We had hoped that the Trial Court’s Finding of Facts would shed some light on how a Missouri preneed trust holding life insurance would have income to distribute.  Despite being invested primarily in life insurance policies, Allegiant Bank made monthly income distributions to NPS.  The Trial Court made several findings on how Allegiant Bank failed to comply with R.S.Mo. Section 436.031.3, but there is no mention whether Allegiant Bank complied with the realized income requirement.

There are three elements of the Section 436.031 income distribution: the trust’s market value, aggregate deposit balance and realized income.
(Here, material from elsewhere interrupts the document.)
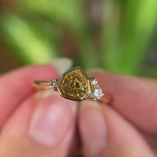 This one-of-a-kind yellow sapphire ring was created in collaboration with Sorbet Sapphire, celebrating the beauty of unique, natural, geometric-cut sapphires from across the globe.

When responding to a Section 436.031 income distribution, the preneed trustee should maintain documentation reflecting the then current deposit balance, market value and accrued income.  (This feature of Missouri’s old preneed law remains relevant because it continues to govern preneed contracts sold prior to September 2009.  Consequently, some Missouri funeral homes continue to seek income distributions from their preneed trusts.)  The Trial Court found that when Allegiant Bank made income distributions to NPS, they breached its fiduciary duties to consumers by neither confirming the trust’s aggregate deposit balance or the value of the trust’s assets.

One common mistake made by Missouri trustees was to use the trust’s principal amount in lieu of aggregate deposit balance.  But, the Trial Court found that Allegiant didn’t even bother to use the trust’s principal in a test for compliance with the law.  The Trial Court acknowledges that the trustee is dependent upon the preneed seller for the trust’s aggregate deposit balance.  While NPS provided monthly packets of reports, Allegiant made no record of any effort to reconcile the trust’s deposits and market value.

The NPS trusts were invested primarily in life insurance and debentures.  Allegiant relied upon the face amount of the life insurance, without confirming whether the policies were paid up.    Nor did Allegiant make any efforts to confirm the value of the debentures.

With regard to ‘realized income requirement’, we find a single finding related to that issue.  Finding No. 684 indicates that Missouri bank examiners concluded that “since September 23, 1998, approximately $47M has been distributed from income cash to the Seller.”   What!  Didn’t anyone challenge how the trust earned $47,000,000 of income?